I can’t listen to Górecki’s Symphony #3 very frequently, it’s just too affecting. But I pulled it out this evening for a listen. It’s just so incredibly moving. It reminded me that I first heard it performed by the Indianapolis Symphony Orchestra over 10 years ago and was mightily impressed with the work, to the point that I posted this about it on my FB page:
“What a terrific ISO concert last night. An all-Polish program with some rare commentary from the Maestro, audience percussion participation, a virtuosic turn at the Szymanowski concerto by our own amazing concertmaster Zach De Pue, and of course, what I viewed as the centerpiece of the event, Henryk Górecki’s Symphony #3, ‘Symphony of Sorrowful Songs.’
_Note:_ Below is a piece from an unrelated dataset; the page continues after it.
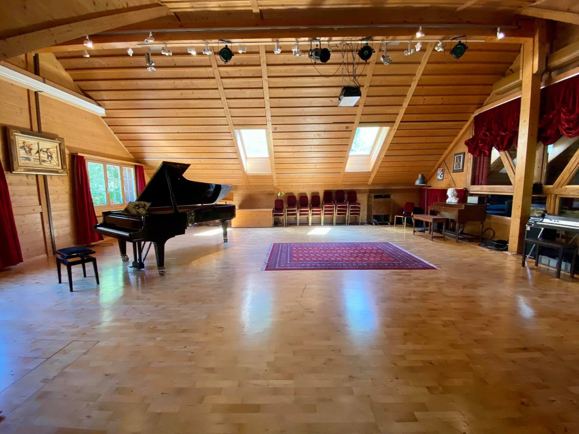 The recording room has excellent acoustics for all styles of music. The large room allows classical music to breathe, jazz to be performed in a lively way and can be divided by acoustic partitions for pop-rock and has the space to accommodate a whole big band. Recordings have already been made with Herbie Hancock, Pepe Lienhard, Pippo Pollina, Michael von der Heide or Gölä, to name a few.

“The piece started almost imperceptibly in the basses, quietly playing simple, slow figures of what sounded like no more than 2 or 3 notes, repeatedly, and in time it spreads to the cellos, violas and violins in turn, not playing in unison, but also not in rounds, strictly speaking, until it becomes a minor-key mass of harmony in a long, slow crescendo. I’m guessing the only thing that keeps it from sounding jumbled, as the amplitude increases with the quantity of players and their individual volumes rise, is the fact that with such few notes in the figures being played that there’s little chance of dissonance or disharmony. This plaintive minor-key crescendo continues until about halfway through the first movement when it all resolves to a single note (E?), as the string sections drop out in turn, much as they joined in the beginning, until those left playing are on that single note, which is then reinforced by the playing of the same, single note on the piano at a dirge-like tempo.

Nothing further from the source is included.